С замирающим сердцем смотрел я на нее, и пришло мне в голову давно сказанное моим учителем: «Мы не меняемся, мы все больше становимся собой…» Сию дорогу прошли мы с ней врозь, как и положено тем, кто в пути к самому себе. Только на счастливый миг свела планида наше движение, и то пересечение заискрило озарением, и искры те взлетели над нашими судьбами, как путеводные звезды.

Ружена… Мне навороженная… Моя мироносица… Пташка-ждашка… Сладчайшая… Владычица дум… Облюбленница… Красотулька… Золотушка… Пригожая… Забавница… Красавица… Душка… Хорошуля… Драгота… Пестулька… Любка… Ладушка… Горлица, что вылетела из дома моего сердца, оставив в нем пустоту тишины.

«Держи разум в сапогах», — строго приказал я себе и силой оторвал от нее взгляд, чтобы наконец увидеть и их. Рой девиц неспешно шел по лужайке, будто плыл в травах, к заветному деревцу. Беззвучно и плавно шли, как во сне. Но стоп: разве это крестьянские девушки из русинской окраины Мукачева?! Такие уважаемые, благородные, каждая в платье особой краски (на свою нить), какая в веночке, а какая в платинке из тонкой ткани. Разве что босые ноги отдаленно выдавали, что это мужицкие дочери. Но нужна ли обувь в раю?! Пришли к помосту в дупле, поклонились. Две склонились на колени перед барыней, она положила им руки на головы, гладила, как зверей. Еще одна присела возле фонтана, ощупывая рукой место, — слепенькая. А пятеро стали в круг и начали медленно вращаться в танце. Легкие, хупавые [366], какие-то безвольные. Танцуя пели. Я прислушался.

Что это за пани стоит с ангелами —
Месяц и звезды у нее под ногами?
То не Мария?
…………………………………….
То не Мария?

«Нет, не Мария, — невольно шелестнули мои уста. — Это Ружена… дочь Михи-деревача, сиротка взбалмошной матери-беглянки и сама беглянка, вдова богатого иностранца, одаренная вещунка, мастерица чар, монахиня-бегинка… И хотя обладает она тайной силой над деревьями (да и не только над ними), это пани Кравсова, а не Пани Сухого Дерева… Жаль, что тем грезит и заставила в это поверить девиц-ангелиц».
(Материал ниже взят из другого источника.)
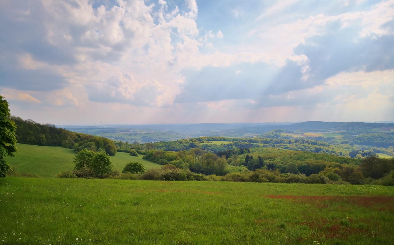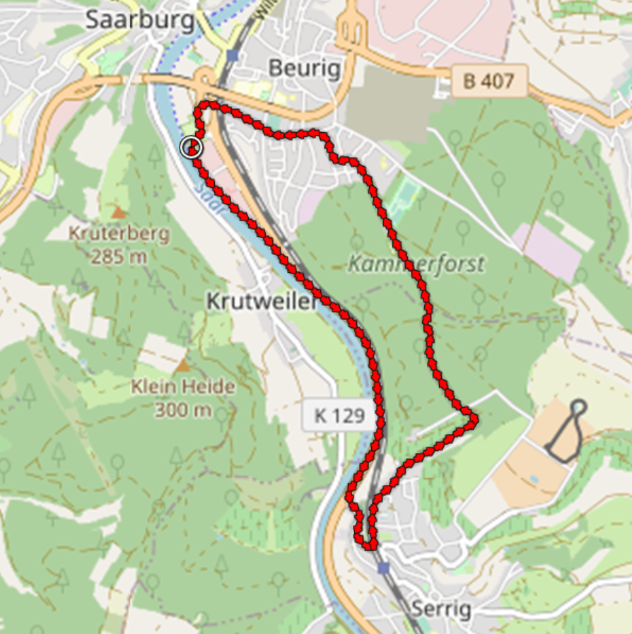 Nach einem Rundgang durch die Altstadt breche ich mit Doxi zu einer 18 km langen Wanderung in südlicher Richtung auf die Höhen oberhalb der Saar auf. Es geht hinauf auf den Kruterberg und anschließend in einer langgezogenen Schleife durch den frisch ergrünten Buchenwald.

А они продолжали пение, которым славят «Божество святого часа». Журчание воды, щебетание птиц и крики зверей были им музыкой. Хотя нет… музыка была в них самих. И я, холодея сердцем, стал догадываться, какая. Скорее носом, чем глазами, угадал, что за травы цвели вокруг. Кроме пресловутого брадольца, ядовито красовались белена и красавка, прозванная сонной дурью, и желтый мачок, и мандрагора, что помогает соблазнителям, и пьянящий перец, расслабляющий без нарушения ясности ума, и дурман, и дикий пахучий бакун, и кустовой хвойник, а возле него и вечнозеленый кат, еще и мохнатый вьюночек, навевающий видения, и голубые кувшинки у озерца, и верболистовые синиквичи, из которых варят пойло, которое «открывает солнце», и была мутная конопля, и порочный чуймуй — мимоза, которая при прикосновении складывает листья, и даже гибкая яхеваска, которую еще называют «лозой духов»… Не все из того манящего яда мне и узнать удалось. Вот рецептарю Шивереку было бы здесь чем поживиться!
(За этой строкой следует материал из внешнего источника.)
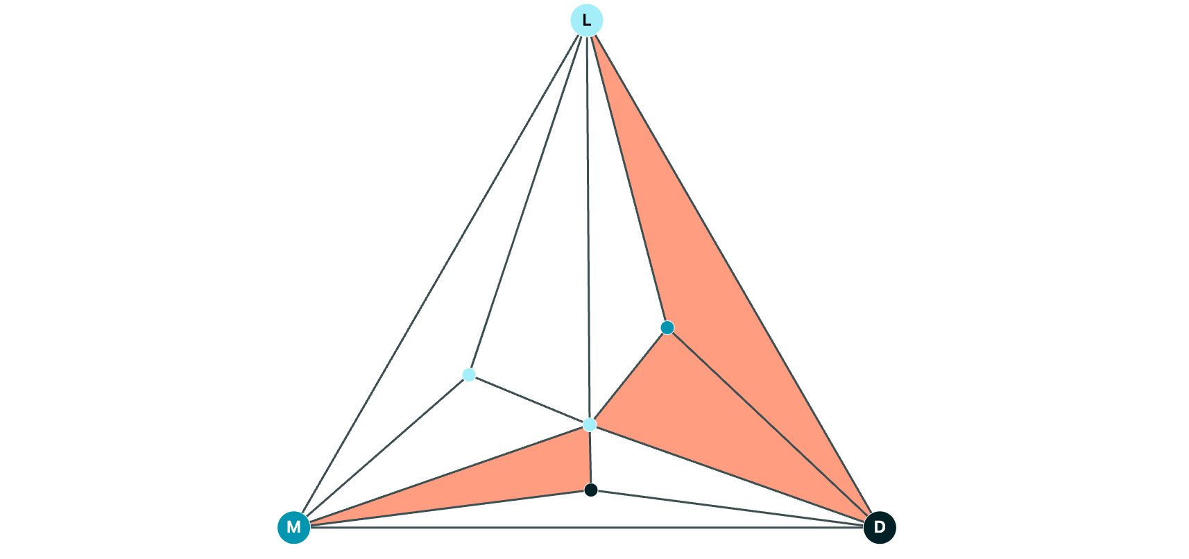 Let's add more L, M, and D points, and connect them to the vertices of their containing triangle. We'll shade the LMD triangles with color:

Тем временем пани кто-то окликнул. Из ограды вышел юнец в черной одежде. Принес полотенце, которое взяла одна из дев, и они подошли к колодцу, где Ружена умылась. Тогда каждая служанка в поклоне поцеловала ей руку, и та отошла с поводырем в глубь рощи, где виднелось строение из белого камня. Девы и себе смочили руки в источнике, потом собрались в стайку и двинулись в мою сторону. Так же безмолвно брели, как раньше, а движения их были разомлевшими и неуверенными, как у одурманенных. Будто шли в тумане. И я понимал, что их туманило, знал, откуда это одурманивание. Что привело их сюда и здесь их держит за глаза… Тропа, посыпанная мраморной крошкой, поворачивала вправо, к нарядному домику-срубу. Совсем близко от моего укрытия-осады тянулась стайка квелых девиц.

«Эй, девоньки!» — крикнул я.

Но увы! — в пустоту. И я окончательно утвердился в догадке: «Не в себе. Мир, в котором не было ее, они не слышали».
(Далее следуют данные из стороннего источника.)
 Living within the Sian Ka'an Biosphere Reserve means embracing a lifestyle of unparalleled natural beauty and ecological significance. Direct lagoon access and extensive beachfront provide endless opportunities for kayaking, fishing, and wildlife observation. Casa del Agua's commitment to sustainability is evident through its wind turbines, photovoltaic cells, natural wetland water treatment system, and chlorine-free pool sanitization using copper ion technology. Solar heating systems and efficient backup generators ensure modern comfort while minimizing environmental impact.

Смеркалось, возвращались собаки, уморенные Марковцием. И мне надо было возвращаться. Куда и к чему? Оставалась целая ночь, чтобы поразмышлять над этим. На краю леса еще раз оглянулся — сквозь живую изгородь, усердно спрятанную в зарослях поместья, слабо мигали бледные огоньки…


Жаль пера и жалко терзать свое бессилие пространным описанием того, что было дальше.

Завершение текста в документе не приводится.